**PROBLEM TO WORK ON**
Restate every line below word for word, but drop each picture.

-- INPUT DATA follows --

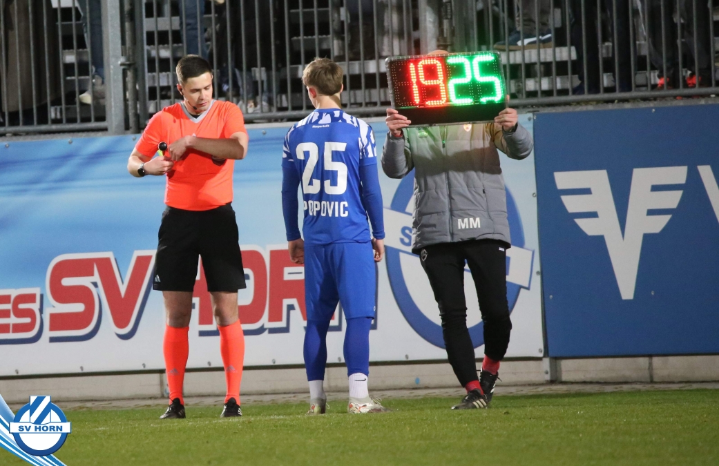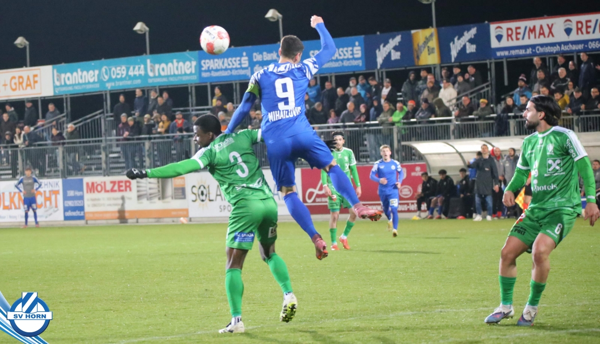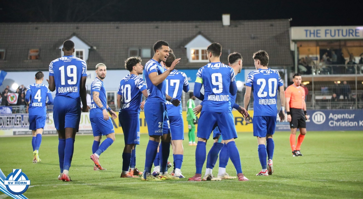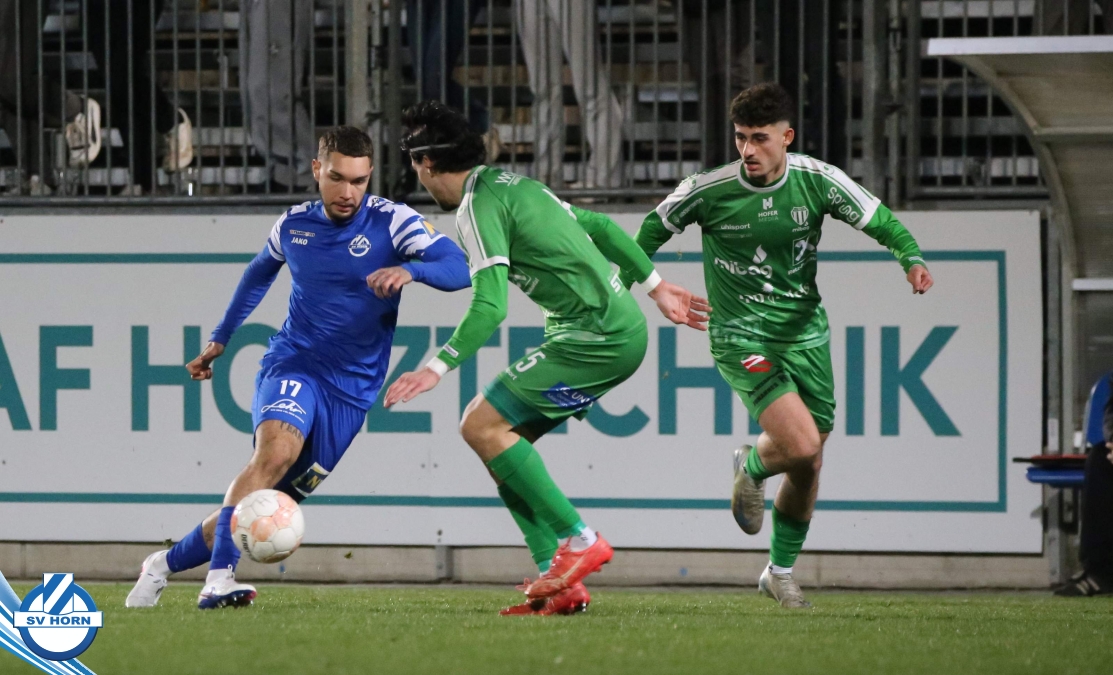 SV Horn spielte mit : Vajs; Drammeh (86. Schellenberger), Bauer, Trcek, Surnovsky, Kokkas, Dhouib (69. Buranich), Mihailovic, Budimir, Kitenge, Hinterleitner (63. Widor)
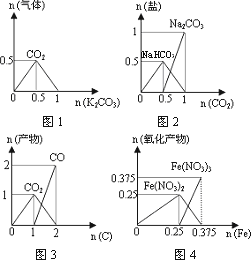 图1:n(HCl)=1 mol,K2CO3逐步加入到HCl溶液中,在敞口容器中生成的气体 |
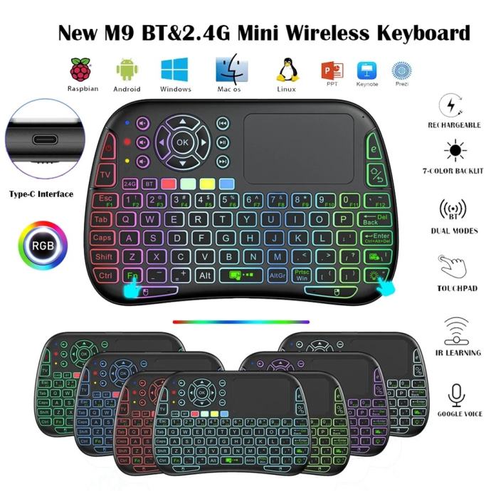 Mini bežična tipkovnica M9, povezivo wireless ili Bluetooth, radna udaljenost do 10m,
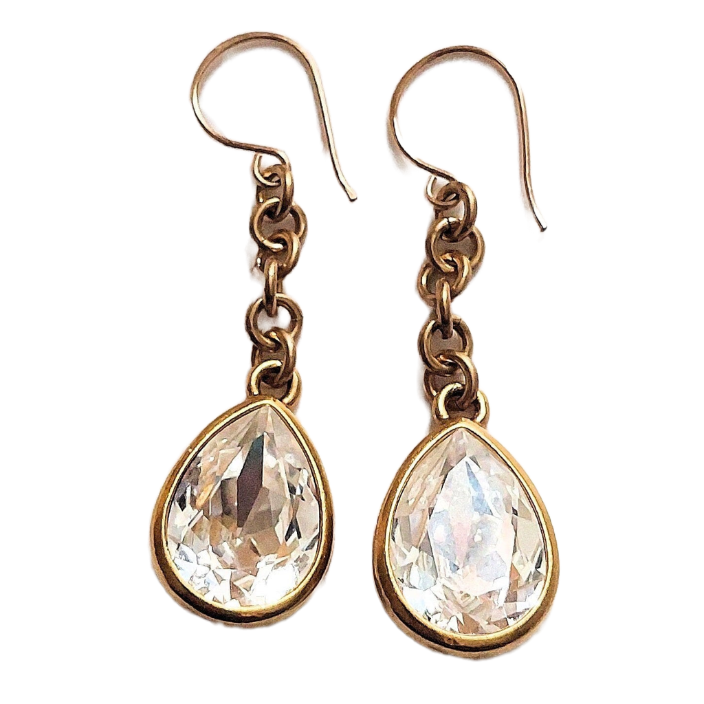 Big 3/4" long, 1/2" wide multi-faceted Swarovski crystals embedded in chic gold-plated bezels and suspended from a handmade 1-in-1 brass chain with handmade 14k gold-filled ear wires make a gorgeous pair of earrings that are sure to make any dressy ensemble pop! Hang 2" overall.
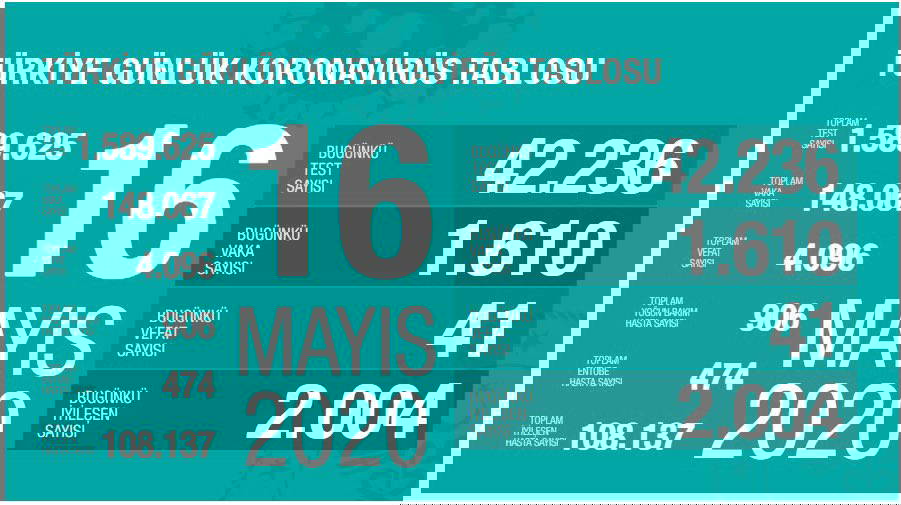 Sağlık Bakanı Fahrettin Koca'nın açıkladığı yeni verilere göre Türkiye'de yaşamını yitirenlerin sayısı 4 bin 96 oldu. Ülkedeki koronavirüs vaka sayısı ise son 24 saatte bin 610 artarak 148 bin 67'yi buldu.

-- INPUT DATA concluded --

**ANSWER TO THIS PROBLEM**
 SV Horn spielte mit : Vajs; Drammeh (86. Schellenberger), Bauer, Trcek, Surnovsky, Kokkas, Dhouib (69. Buranich), Mihailovic, Budimir, Kitenge, Hinterleitner (63. Widor)
 图1:n(HCl)=1 mol,K2CO3逐步加入到HCl溶液中,在敞口容器中生成的气体 |
 Mini bežična tipkovnica M9, povezivo wireless ili Bluetooth, radna udaljenost do 10m,
 Big 3/4" long, 1/2" wide multi-faceted Swarovski crystals embedded in chic gold-plated bezels and suspended from a handmade 1-in-1 brass chain with handmade 14k gold-filled ear wires make a gorgeous pair of earrings that are sure to make any dressy ensemble pop! Hang 2" overall.
 Sağlık Bakanı Fahrettin Koca'nın açıkladığı yeni verilere göre Türkiye'de yaşamını yitirenlerin sayısı 4 bin 96 oldu. Ülkedeki koronavirüs vaka sayısı ise son 24 saatte bin 610 artarak 148 bin 67'yi buldu.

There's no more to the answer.